As far as labs that would indicate PJ having an MI, Troponin I is a determining muscle protein that is released with cardiac damage. It is elevated within 2 to 4 hours upon onset of MI symptoms. It is used to determine MI size and complications that may arise that are linked to the severity of the MI (McCance & Huether, 2014). The CPK-MB, LDH, and CRP are also labs used to assess the patient’s MI severity. Because norepinephrine stimulates the liver and skeletal muscles and suppresses B-cells in the pancreas, blood sugar levels will become elevated within 72 after an MI. This is carefully watched because elevated blood glucose, after an MI, is linked to increased risk for death.
Follow up care after an acute STEMI is important for PJ. He will need to see a cardiologist for cardiac specific care and will likely be started on antiplatelet or blood thinners such as clopidogrel and aspirin to help prevent future MIs. Other medications to improve cardiac perfusion such as a beta-blocker will likely be prescribed.
Harvard Health Publications. (2015). Angina. Retrieved from http://search.proquest.com.southuniversity.libproxy.edmc.edu/docview/1680987719?pq-origsite=summon
Judd, S. J. (2014).
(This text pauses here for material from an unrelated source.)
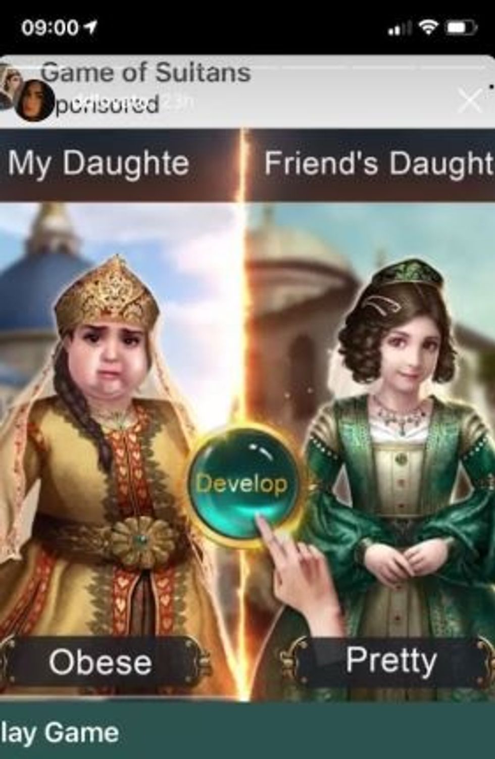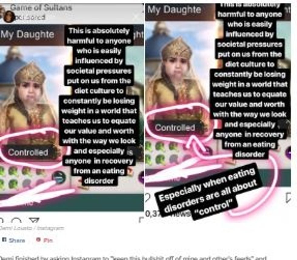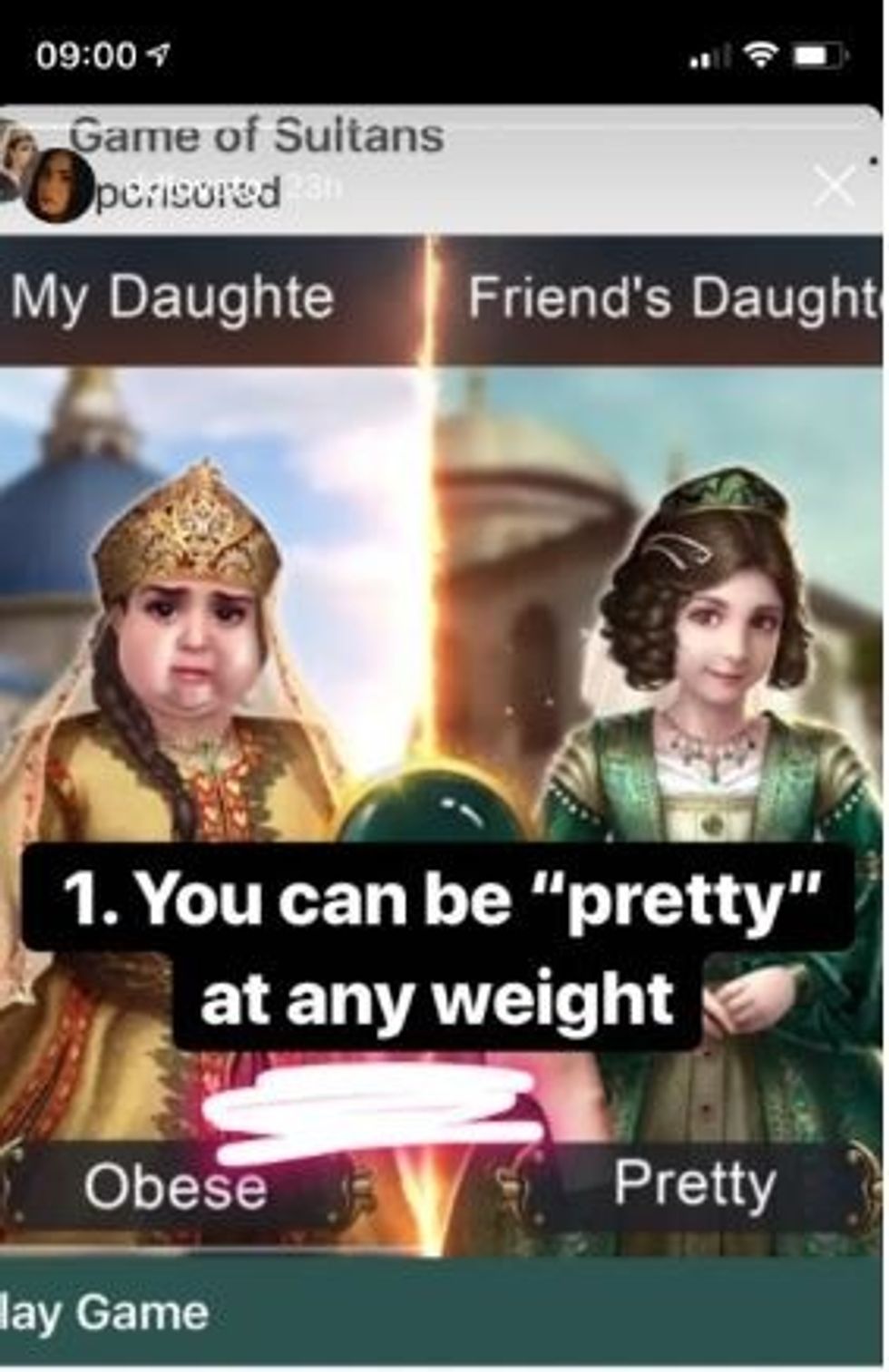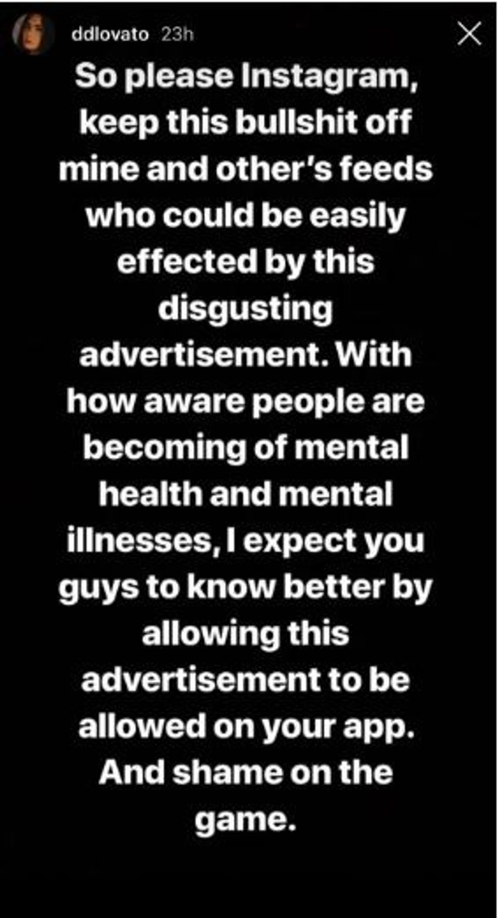Lovato, who has struggled with eating disorders in the past, was scrolling through her Instagram when a disturbing ad for the Game of Sultans popped up. In the ad women are characterized and "pretty" or "obese" and game players can decide what the characters are allowed to eat.
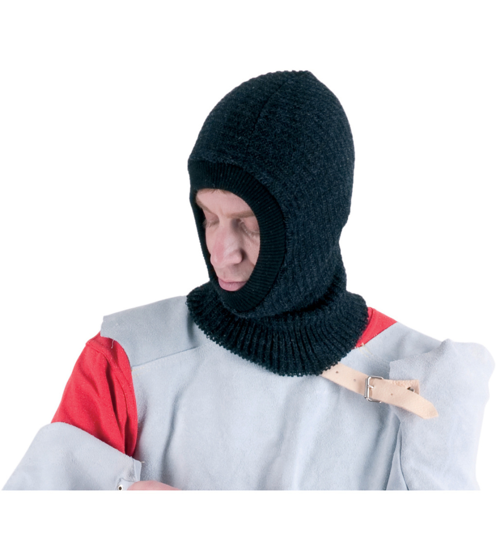Pružná pletená kukla s otvorem na tvář.

Cardiovascular disorders sourcebook (5th ed.). [Adobe Digital Editions]. Retrieved from http://go.galegroup.com.southuniversity.libproxy.edmc.edu/ps/retrieve.do? tabID=&userGroupName=sava2455&inPS=true&prodId=GVRL&contentSet=GALE&docId=GALE|CX3165300020
McCance, K. L., & Huether, S. E. (2014). Pathophysiology: The Biologic basis for disease in adults and children (7th ed.). [Adobe Digital Editions]. Retrieved from https://digitalbookshelf.southuniversity.edu/#/books/9780323088541/cfi/0!/4/2/[email protected]:0.00
Osmosis. (2016, April 30). Heart attack (acute myocardial infarction)- causes, symptoms, types, & pathology [Video file]. Retrieved from https://www.youtube.com/watch?v=GeX7-sxxOn4&feature=youtu.be
Dr. Holliday and fellow classmates,
PJ has had a long history of stable angina which he has been treating with nitroglycerin, an ACE inhibitor, and rest. This regimen has quickly relieved his pain in the past but he has been noticing that his angina has become more frequent with less activity required to initiate the response. The decision to treat PJ’s stable angina with medication and rest was the least invasive treatment and seemed to work for PJ for a long time. If PJ’s physician/NP ordered a stress test for evaluation and it was negative for reversible ischemia, then PJ’s treatment was appropriate. At this point, PJ’s stable angina has become unstable which, worldwide, is the leading cause of death (Solomon & Ohman, 2016). Angina is the clinical manifestation of about half of persons with coronary artery disease (CAD) (Solomon & Ohman, 2016).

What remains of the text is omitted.